3. • Enzymes are the macromolecular biological catalysts. Enzymes accelerate or
catalyse the chemical reaction to yield the desired product. Like all catalysts,
enzymes increase the rate of reaction by lowering the activation energy and provide
an alternative path for the reaction to occur.
• Most enzymes are proteins, although few are catalytic RNA molecules. Enzymes
specifically comes from their unique three dimensional structure.

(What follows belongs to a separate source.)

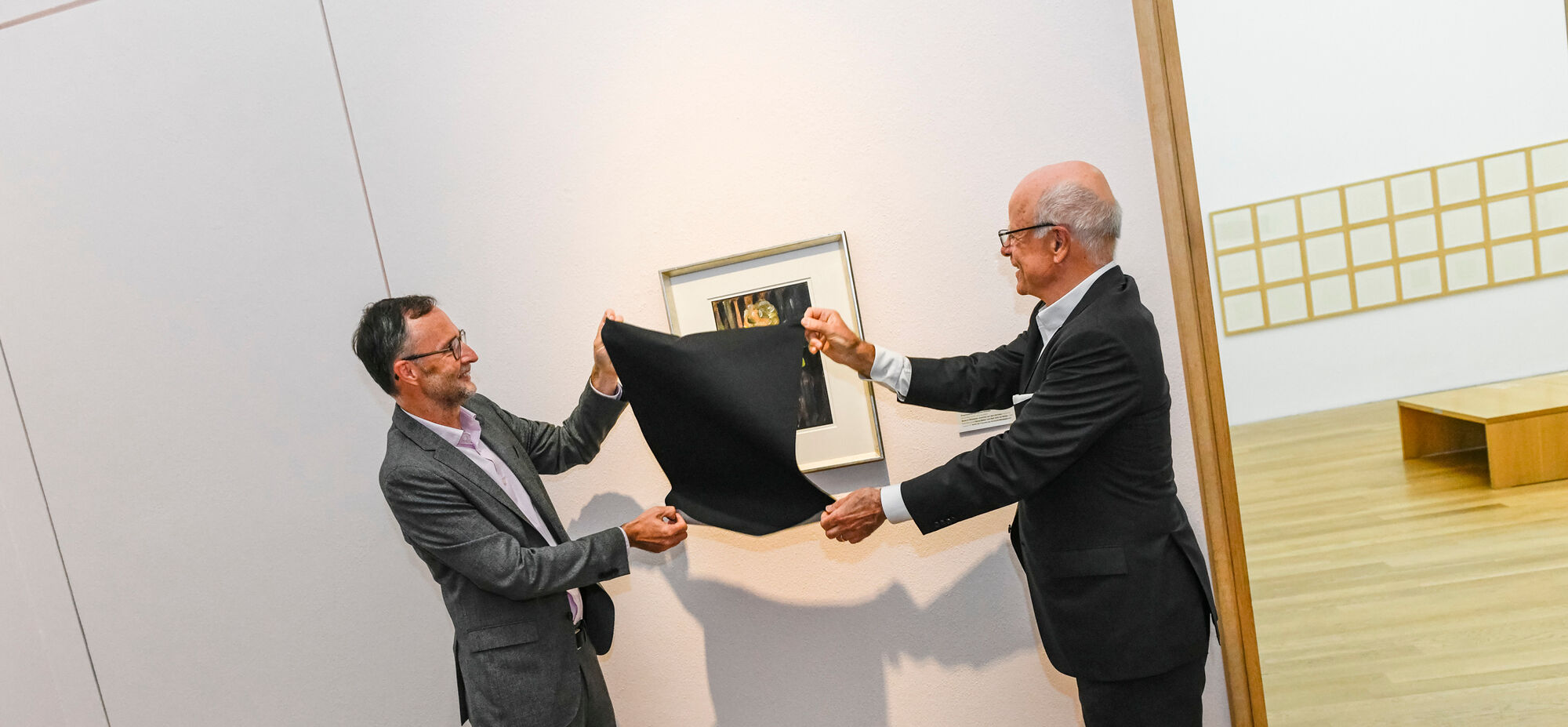Dr. Andreas Henning und Dr. Gerd Eckelmann bei der Enthüllung einer Schenkung. Foto: Museum Wiesbaden  / Bernd Fickert

• Some enzymes can make their conversion of reactant to product occur many
millions of time faster. An extreme example is orotidine 5 phosphate decarboxylase ,
which allows a reaction that would otherwise takes million of year to occur in
millisecond.
• Chemically, enzymes are like any catalyst are not consumed in chemical reactions
(that’s mean they can be used again and again), nor they disturb the chemical
equilibrium condition of any chemical reaction.
• There is no any –ve type biocatalyst (enzyme).
4. The molecules upon which the enzymes act are called substrate and enzymes
converts theses molecules in to the different molecules (desired product).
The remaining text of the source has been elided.